It was a lovely August evening. The sun, set in a golden background lightly flecked with purple, stood above the western horizon on the point of sinking behind the faraway tumuli. In the garden, shadows and half-shadows had vanished, and the air had grown damp, but the golden light was still playing on the treetops. … It was warm. … Rain had just fallen, and made the fresh, transparent fragrant air still fresher.
I am not describing the August of Petersburg or Moscow, foggy, tearful, and dark, with its cold, incredibly damp sunsets. God forbid! I am not describing our cruel northern August. I ask the reader to move with me to the Crimea, to one of its shores, not far from Feodosia, the spot where stands the villa of one of our heroes.
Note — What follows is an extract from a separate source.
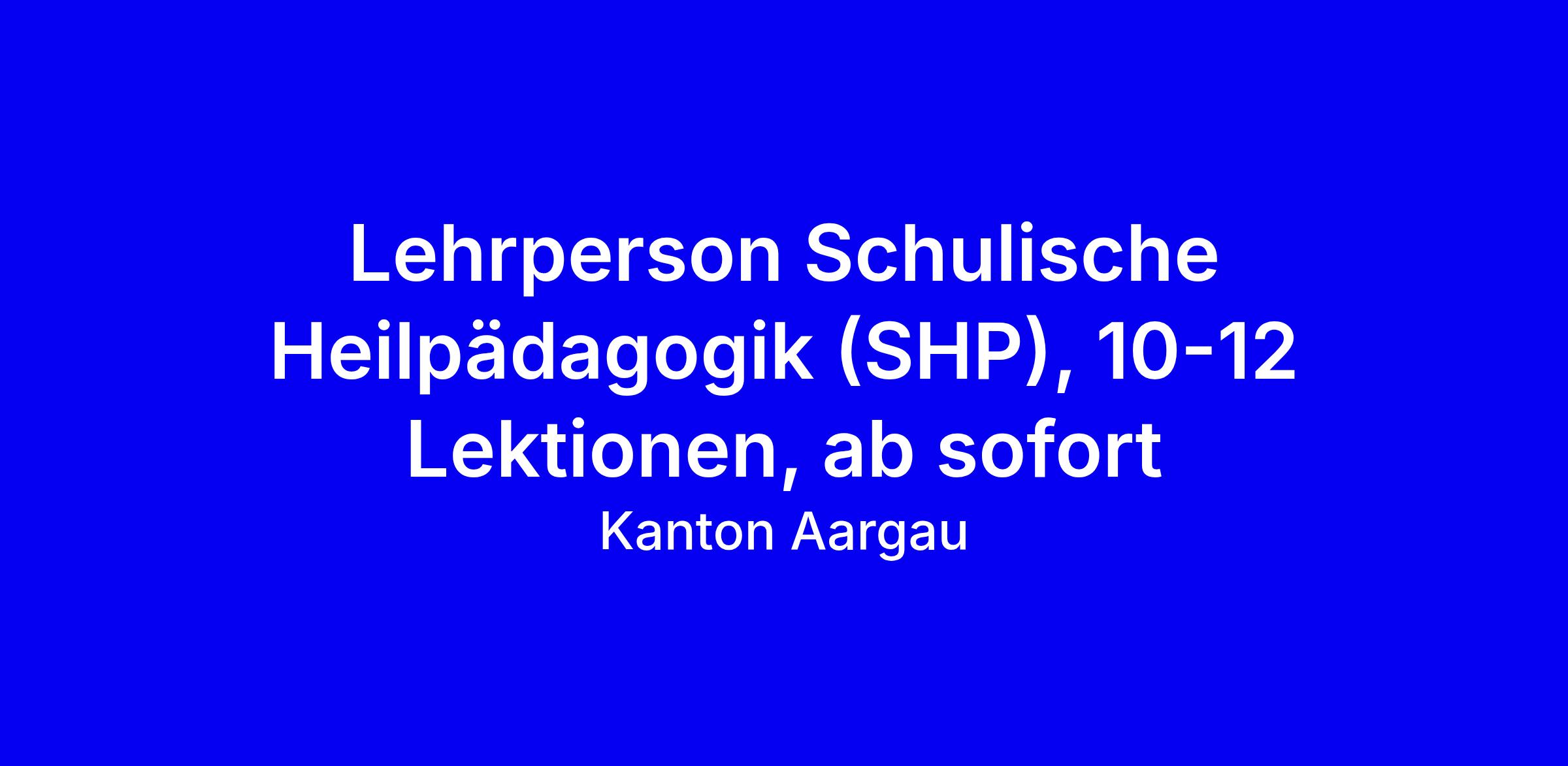 Wir suchen ab sofort eine schulische Heilpädagogin bzw. einen schulischen Heilpädagogen SHP für unsere kleine familiäre Primarschule in Killwangen im Limmattal. Die Stelle umfasst 10 bis 12 Lektionen pro Woche, 35 bis 45 Prozent Pensum, befristet bis 31.07.2026 oder unbefristet ab 2026/27. Optionale DaZ-Pensum von sechs Lektionen möglich. Erwartet wird ein Masterabschluss in Schulischer Heilpädagogik oder ein entsprechendes Primarschuldiplom, Freude an der Arbeit mit Kindern von Kindergarten bis zur 6. Klasse, Teamfähigkeit und Eigeninitiative. Wir bieten eine unterstützende Schulleitung, Coaching, ein offenes Team, moderne Räume und viel Gestaltungsspielraum. Bewerbung per E-Mail an [email protected]; Fragen an Tel 056 416 97 01.

It is a pretty, neat villa surrounded by flowerbeds and clipped bushes. A hundred paces behind it is an orchard in which its inmates walk. … Groholsky pays a high rent for that villa, a thousand roubles a year, I believe. … The villa is not worth that rent, but it is pretty. … Tall, with delicate walls and very delicate parapets, fragile, slender, painted a pale blue colour, hung with curtains, portières, draperies, it suggests a charming, fragile Chinese lady. …
On the evening described above, Groholsky and Liza were sitting on the verandah of this villa. Groholsky was reading Novoye Vremya and drinking milk out of a green mug. A syphon of Seltzer water was standing on the table before him. Groholsky imagined that he was suffering from catarrh of the lungs, and by the advice of Dr.